Speaking on BBC2's Daily Politics, Mr Farage said that he had not been in charge of the party when the 2010 manifesto was pulled together – although he had led the group between 2006 to 2009.

He added that because the party’s manifesto was almost 500 pages long for the last election there were “all sort of bits” of it that he “did not know.” However Mr Farage co-authored the foreword to the manifesto and was Ukip’s chief spokesman.

Quizzed on the BBC 2’s Daily Politics show on a party proposal to scrap Trident Mr Farage appeared confused and asked where the interviewer had got such a suggestion from.

When he was told it was on the Ukip website, he said: "When it comes to websites, I'm not the expert." Challenged over a compulsory dress code for taxi drivers, he said: "Do we? News to me.”

In response to another policy to require British trains to be repainted in traditional colours Mr Farage said: "Absolutely not, I have never read that, I have no idea what your talking about.”

He added: “Look, under the last leadership and in the 2010 election we managed to present a manifesto that was 486 pages long. So you can quote me all sorts of bits of it that I will not know. That's why I've said none of it stands today and we will launch it all after the European elections."

The 2010 manifesto has since been deleted from the Ukip website. A Ukip spokesman refused to provide a copy of the manifesto and said the document was no longer “relevant” and had been removed “months ago.”

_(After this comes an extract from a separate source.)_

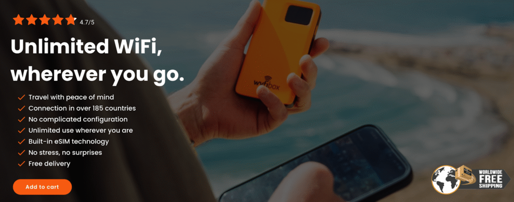 Wifivox is a European-focused provider that covers Portugal with unlimited 4G data. The daily rate is around €10/day, with discounts available for weekly and monthly rentals.

Mr Farage was also branded “laughable” as he defended his arguments that women are “worth less” and do not face discrimination to City firms.

Louise Cooper, a chartered financial analyst and blogger, told Mr Farage that he was “talking out of his bottom” for saying women were not paid less because of discrimination by firms in the financial sector but instead because of the "lifestyle choice" some made by having a baby.

Mr Farage, who has two daughters Victoria, 13, and Isabelle, 8, said: “Pre-big bang, when I first worked in the city, it was a deeply sexist place - it really was. That’s all gone completely. I don’t believe - in the big banks, brokerage houses, Lloyds of London and everywhere else in the city - I do not believe that there is any discrimination against women at all.

Ms Cooper, herself a working mother, told Mr Farage: “For all the working mothers out there who are battling day to day, and I know lots of them in the City, who are discriminated against, who are paid less than their male colleagues, who are looked over for promotion, I say on behalf of them: shame on you. And I say double shame on you because you actually have daughters.

She added: “What kind of example are you setting to your daughters by saying what you said?"